In January 1991, however, pro-communist political forces attempted to restore Soviet power. With the use of force, attempts were made to overthrow the new assembly. Latvian demonstrators managed to stop the Soviet troops from re-occupying strategic positions, and these events are known as the "Days of the Barricades".

On 19 August 1991, an unsuccessful attempt at a coup d'état took place in Moscow when a small group of prominent Soviet functionaries failed to regain power due to large pro-democracy demonstrations in Russia. This event resulted in Latvia swiftly moving toward independence. After the coup's failure, the Supreme Soviet of the Latvian Republic announced on 21 August 1991, that the transition period to full independence declared on 4 May 1990 had come to an end. Therefore, Latvia was proclaimed a fully independent nation whose judicial foundation stemmed back to the statehood that existed before the occupation on 17 June 1940.

Lithuania

Between 1956 and 1987, open public resistance to the Soviet regime was rare. It became more persistent in the 1970s and 1980s. One example of this could be the Kaunas events of 1972. Many popular singers often used the poetry of nationalist poets such as Bernardas Brazdžionis or Justinas Marcinkevičius, as the lyrics of their songs. In 1987 the Rock March also promoted awareness of the issue among the people.

In 1987, various organisations (mainly environmental ones) were founded. On 3 June 1988, the Sąjūdis, a political and social movement, was established. Some initiators of this movement were active members of environmental organisations, established in 1987 (e. g. Zigmas Vaišvila, Gintaras Songaila). Initially, this organisation supported the regime, but in early autumn of the same year after Lithuania-wide growth, it became an opposing force to the CPL.
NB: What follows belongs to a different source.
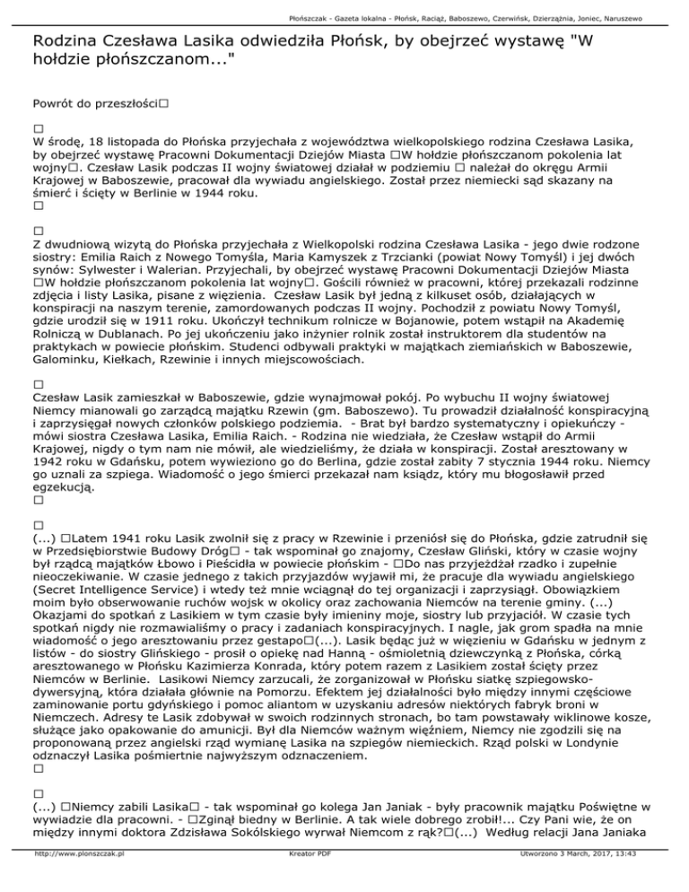 Płońszczak - Gazeta lokalna - Płońsk, Raciąż, Baboszewo, Czerwińsk, Dzierzążnia, Joniec, Naruszewo Rodzina Czesława Lasika odwiedziła Płońsk, by obejrzeć wystawę "W hołdzie płońszczanom..." Powrót do przeszłości W środę, 18 listopada do Płońska przyjechała z województwa wielkopolskiego rodzina Czesława Lasika, by obejrzeć wystawę Pracowni Dokumentacji Dziejów Miasta W hołdzie płońszczanom pokolenia lat wojny. Czesław Lasik podczas II wojny światowej działał w podziemiu należał do okręgu Armii Krajowej w Baboszewie, pracował dla wywiadu angielskiego. Został przez niemiecki sąd skazany na śmierć i ścięty w Berlinie w 1944 roku. Z dwudniową wizytą do Płońska przyjechała z Wielkopolski rodzina Czesława Lasika - jego dwie rodzone siostry: Emilia Raich z Nowego Tomyśla, Maria Kamyszek z Trzcianki (powiat Nowy Tomyśl) i jej dwóch synów: Sylwester i Walerian. Przyjechali, by obejrzeć wystawę Pracowni Dokumentacji Dziejów Miasta W hołdzie płońszczanom pokolenia lat wojny. Gościli również w pracowni, której przekazali rodzinne zdjęcia i listy Lasika, pisane z więzienia. Czesław Lasik był jedną z kilkuset osób, działających w konspiracji na naszym terenie, zamordowanych podczas II wojny. Pochodził z powiatu Nowy Tomyśl, gdzie urodził się w 1911 roku. Ukończył technikum rolnicze w Bojanowie, potem wstąpił na Akademię Rolniczą w Dublanach. Po jej ukończeniu jako inżynier rolnik został instruktorem dla studentów na praktykach w powiecie płońskim. Studenci odbywali praktyki w majątkach ziemiańskich w Baboszewie, Galominku, Kiełkach, Rzewinie i innych miejscowościach. Czesław Lasik zamieszkał w Baboszewie, gdzie wynajmował pokój. Po wybuchu II wojny światowej Niemcy mianowali go zarządcą majątku Rzewin (gm. Baboszewo). Tu prowadził działalność konspiracyjną i zaprzysięgał nowych członków polskiego podziemia. - Brat był bardzo systematyczny i opiekuńczy mówi siostra Czesława Lasika, Emilia Raich. - Rodzina nie wiedziała, że Czesław wstąpił do Armii Krajowej, nigdy o tym nam nie mówił, ale wiedzieliśmy, że działa w konspiracji. Został aresztowany w 1942 roku w Gdańsku, potem wywieziono go do Berlina, gdzie został zabity 7 stycznia 1944 roku. Niemcy go uznali za szpiega. Wiadomość o jego śmierci przekazał nam ksiądz, który mu błogosławił przed egzekucją. (...) Latem 1941 roku Lasik zwolnił się z pracy w Rzewinie i przeniósł się do Płońska, gdzie zatrudnił się w Przedsiębiorstwie Budowy Dróg - tak wspominał go znajomy, Czesław Gliński, który w czasie wojny był rządcą majątków Łbowo i Pieścidła w powiecie płońskim - Do nas przyjeżdżał rzadko i zupełnie nieoczekiwanie. W czasie jednego z takich przyjazdów wyjawił mi, że pracuje dla wywiadu angielskiego (Secret Intelligence Service) i wtedy też mnie wciągnął do tej organizacji i zaprzysiągł. Obowiązkiem moim było obserwowanie ruchów wojsk w okolicy oraz zachowania Niemców na terenie gminy. (...) Okazjami do spotkań z Lasikiem w tym czasie były imieniny moje, siostry lub przyjaciół. W czasie tych spotkań nigdy nie rozmawialiśmy o pracy i zadaniach konspiracyjnych. I nagle, jak grom spadła na mnie wiadomość o jego aresztowaniu przez gestapo(...). Lasik będąc już w więzieniu w Gdańsku w jednym z listów - do siostry Glińskiego - prosił o opiekę nad Hanną - ośmioletnią dziewczynką z Płońska, córką aresztowanego w Płońsku Kazimierza Konrada, który potem razem z Lasikiem został ścięty przez Niemców w Berlinie. Lasikowi Niemcy zarzucali, że zorganizował w Płońsku siatkę szpiegowskodywersyjną, która działała głównie na Pomorzu. Efektem jej działalności było między innymi częściowe zaminowanie portu gdyńskiego i pomoc aliantom w uzyskaniu adresów niektórych fabryk broni w Niemczech. Adresy te Lasik zdobywał w swoich rodzinnych stronach, bo tam powstawały wiklinowe kosze, służące jako opakowanie do amunicji. Był dla Niemców ważnym więźniem, Niemcy nie zgodzili się na proponowaną przez angielski rząd wymianę Lasika na szpiegów niemieckich. Rząd polski w Londynie odznaczył Lasika pośmiertnie najwyższym odznaczeniem. (...) Niemcy zabili Lasika - tak wspominał go kolega Jan Janiak - były pracownik majątku Poświętne w wywiadzie dla pracowni. - Zginął biedny w Berlinie. A tak wiele dobrego zrobił!... Czy Pani wie, że on między innymi doktora Zdzisława Sokólskiego wyrwał Niemcom z rąk?(...) Według relacji Jana Janiaka http://www.plonszczak.pl Kreator PDF Utworzono 3 March, 2017, 13:43 Płońszczak - Gazeta lokalna - Płońsk, Raciąż, Baboszewo, Czerwińsk, Dzierzążnia, Joniec, Naruszewo Czesław Lasik, gdy Sokólski został aresztowany, zorganizował grupę Polaków, którzy mówili po niemiecku, przebrał ich w niemieckie mundury. Wywieźli Sokólskiego z więzienia - Niemcy sądzili, że aresztant pojechał na egzekucję. Niedawno w Poznaniu, przy Pomniku Polskiego Państwa Podziemnego i AK - 24 września tego roku - została odsłonięta tablica pamiątkowa poświęcona Czesławowi Lasikowi. Po wojnie były takie czasy, że nic nie można było w tej sprawie zrobić - mówi Emilia Raich. Postanowiliśmy zebrać dokumenty i sprawie nadać bieg po informacji w telewizji o odsłonięciu pomnika AK w Poznaniu. Mój brat nikogo nie zdradził, choć sam został zdradzony. W 1967 roku wezwano mnie do komisji badającej zbrodnie hitlerowskie i prokurator powiedział, że rodzina nawet nie wie, jakiego ma bohatera, że na przykład wysadził Niemcom bazę paliw. Rodzina Czesława Lasika o wystawie płońskiej pracowni dokumentacji dowiedziała się z internetu i postanowiła przyjechać do Płońska, by ją zobaczyć. Wśród osób, które zginęły podczas wojny, przypominanych przez pracownię, jest również Czesław Lasik. Wystawa zrobiła na nas ogromne wrażenie - mówi pani Maria. - Widać, że włożono w ni

In response to this, Sąjūdis became a more centralised organisation. The active nationalist opposition (mostly the Lithuanian Liberty League) towards the regime culminated in various public protests. The most notorious of them took place on 28 October 1988, which ended up with violent dispersal. The resulting public anger caused resignations in the Communist Party of Lithuania (including the then-First Secretary of the party, Ringaudas Songaila, who served just over a year) and replaced them with more moderate members.

As the CPL leadership changed, it decided to return Vilnius Cathedral, formerly used as a museum of fine arts, to the Catholic community on 21 October 1988. The national anthem of Lithuania and the traditional national Tricolore were legalised in Lithuania on 18 November 1988, officially replacing the flag and the anthem of the Lithuanian Soviet Socialist Republic. It was followed by the recognition of the Lithuanian language as a state language, what meant that it became the sole legal language on an institutional level. The latter change was instrumental in the removal of some officials (e. g. Nikolai Mitkin, who served as the Second Secretary of the CPL), but fueled tensions in Polish and Russian speaking communities.

It was followed by the gradual rebuilding of national symbols, which included erecting or restoring independence monuments throughout the country in late 1988 and 1989.

During 1989, various organisations (e. g. The Writers Union) split from the Soviet ones. Prior to the election of the Congress of People's Deputies of the Soviet Union, Sąjūdis media became more restricted, but after the defeat of the CPL (it won just 6 seats of 42, other seats were won Sąjūdis supported candidates), restrictions were lifted. By the end of the year, the CPL gave up its power monopoly and agreed to hold free elections for Supreme Soviet of Lithuanian SSR in 1990, which it lost.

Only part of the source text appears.